Tuesday, October 22, 2019

Ethiopia telecoms privatization can unlock advertising, mobile money


By David Whitehouse

Customers receive assistance at an Ethio Telecom branch in Addis Ababa. REUTERS/Maggie Sick

Ethiopia’s plan to privatize the world’s largest telecoms monopoly and allow new competitors has the potential to kick start industries that have so far remained dormant.
The country has appointed KPMG as adviser in the privatization of state-run Ethio Telecom, and is seeking another for licensing.
At least two new telecoms licenses to be awarded at the same time. Winning bidders for the sale and the licenses are due to be announced in March.
The country has historically under-invested in telecoms, meaning that the market has “significant potential” for growth and to adopt more complex products, says Russell Southwood, CEO of Balancing Act, a London-based African telecoms consultancy.

The mobile money market, he notes, barely exists.
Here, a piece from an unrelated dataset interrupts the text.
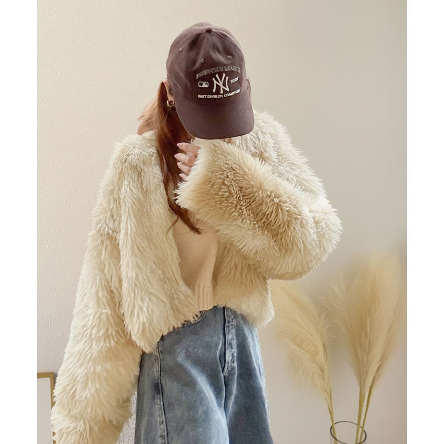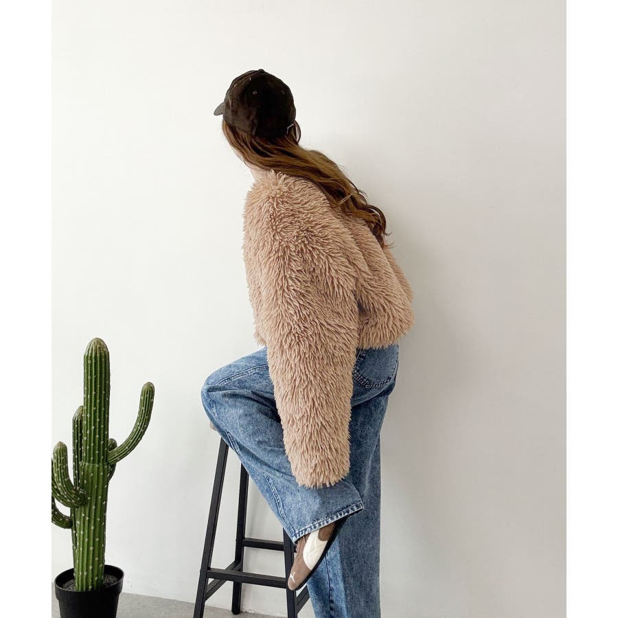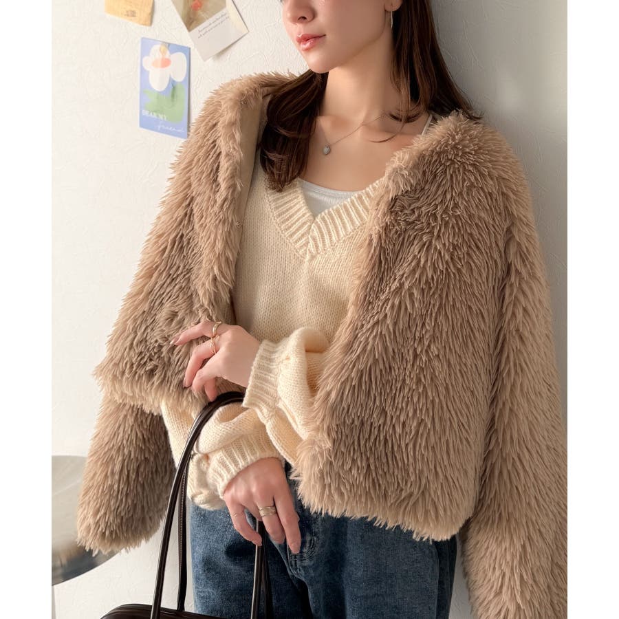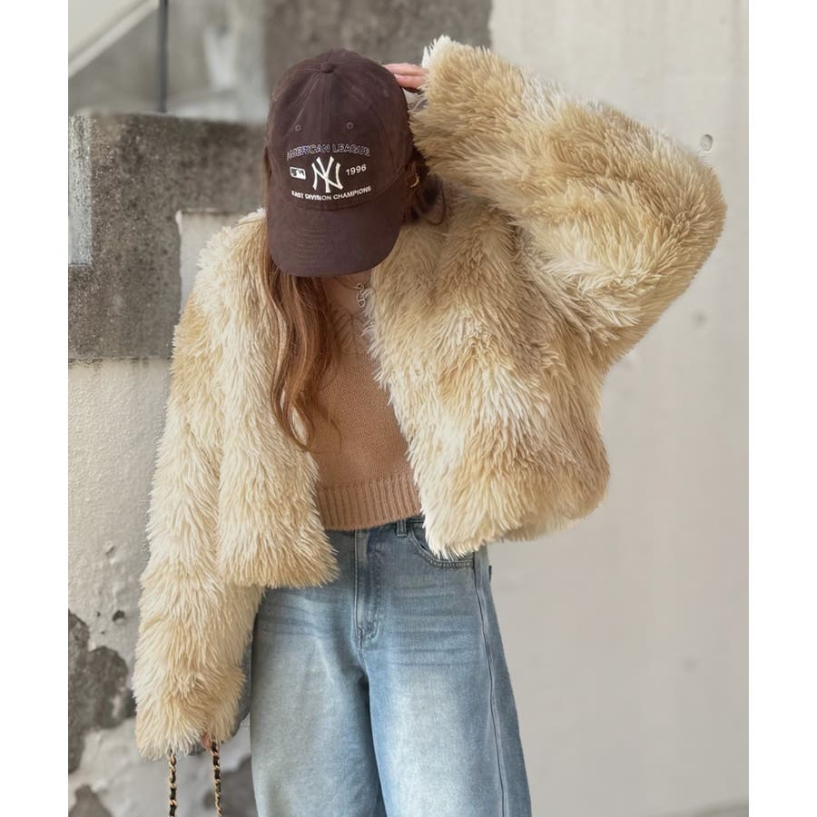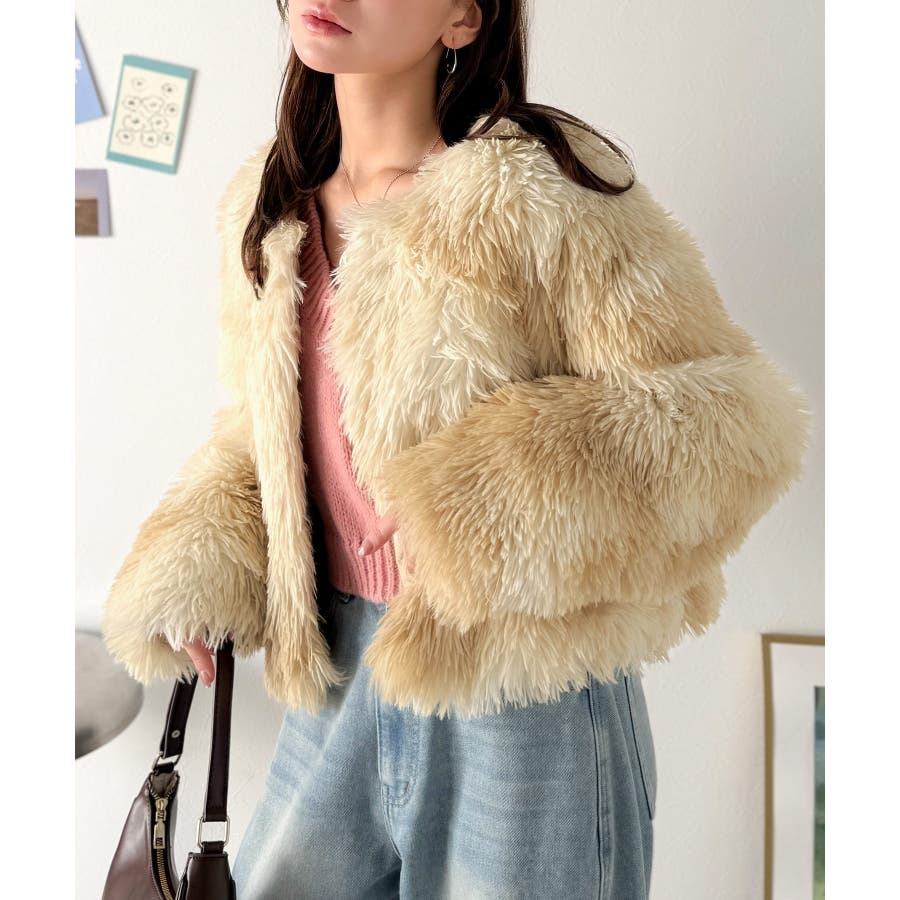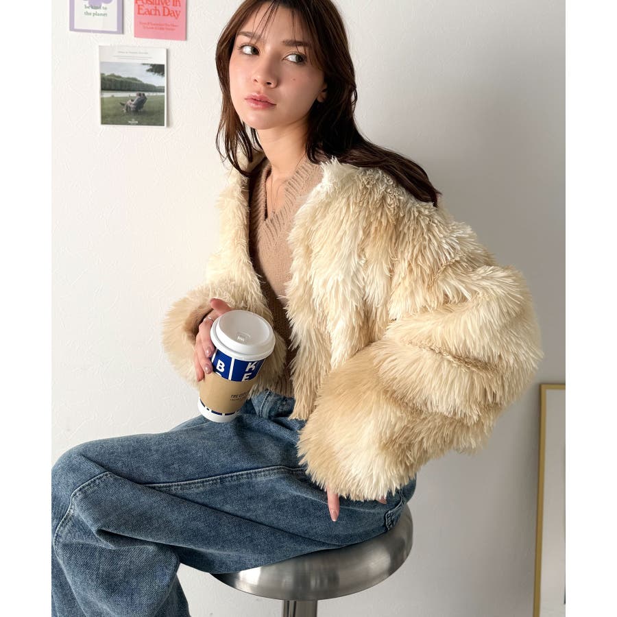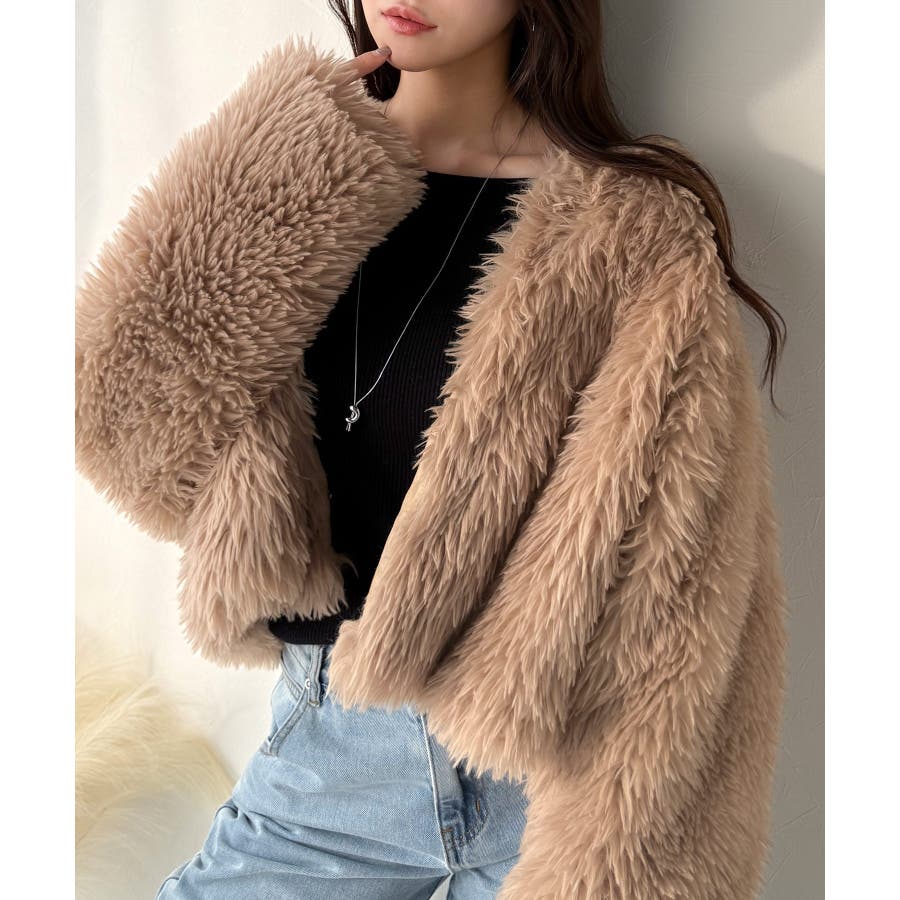 ブランディングされたAYAコラボのノーカラーショートファーコート。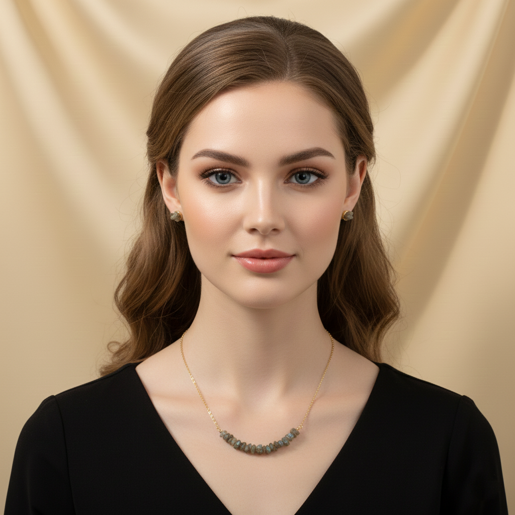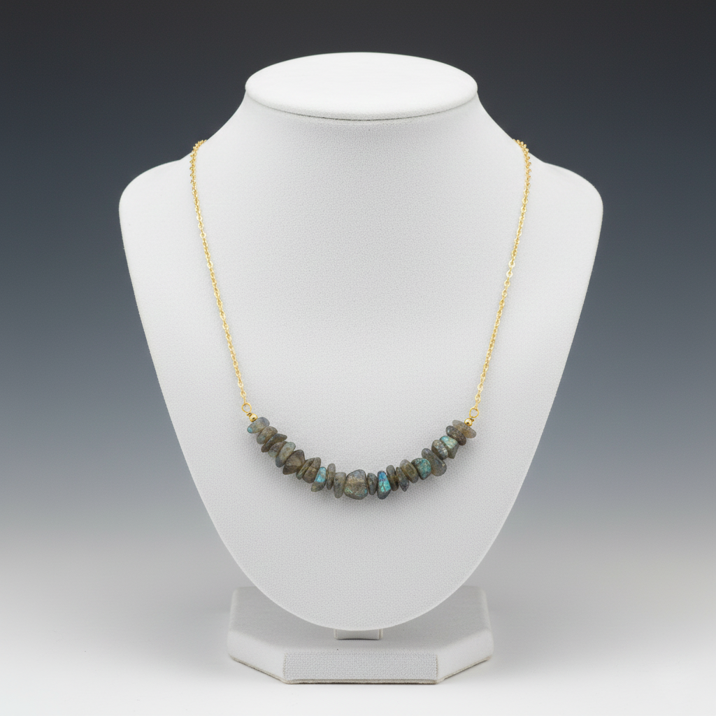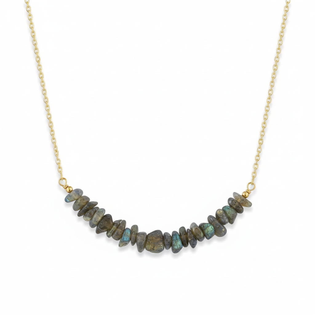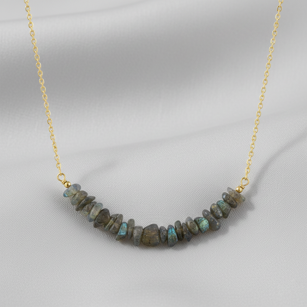 - Material: Genuine natural labradorite chip beads on high-quality gold-plated brass cable chain

The three competitors will all need to spend money on advertising, meaning that the country’s satellite TV market will experience knock-on growth, he says.
“Privatization drives advertising, which in turn drives media growth.”
Candidates for the sale and the licenses could include MTN, Vodacom and Orange, as well as Vietnam’s state-owned telecom company Viettel, which has opened a representative office in Ethiopia.
Ethiopia, Southwood says, “seems to have acknowledged that they need to sell a majority. They are finally letting go.”
The process is likely to help Ethiopia’s public finances, he says. “It’s very rare that such a large sub-Saharan market is opened.”

Regulatory capacity

Research ICT Africa argued in January that the privatization also has the potential to reduce Ethiopia’s over-dependence on equipment suppliers from China.  But evidence from mature and developing economies shows that sequencing is a critical in telecoms privatization, they argue.
The best long-term results are achieved through creating an effective regulatory authority that promotes competition and protects consumers, Research ICT Africa argues.

Ethiopia passed a law to create a telecoms regulator in June. But over the last three decades, the country has developed neither a telecoms policy nor regulatory capability.

Regulatory capacity can only be acquired through years of experience and there is no quick and easy fix, ICT Africa says.

That raises the danger that the privatisation could lead to limited investment, increased charges and the continued poor quality of service, according to the research.

An economy that has remained state-controlled has to start somewhere. Southwood agrees that there will likely be problems in a “post hoc” regulatory environment.
A bigger issue, he says, is that there is no clear way for smaller operations to enter the Ethiopian telecoms market. This, he says, is “a cause for concern.”
Still, privatization-driven economic growth in Ethiopia looks set to exceed that of most African countries. Sales of state-owned enterprises will improve transparency, attract investment and reduce pressure on the government’s fiscal position through one-off cash injections, Fitch Solutions argued in July.

Fitch Solutions sees real average real GDP growth of 7.3% annually between 2019 and 2028 in Ethiopia, compared with 4.0% for sub-Saharan Africa as a whole.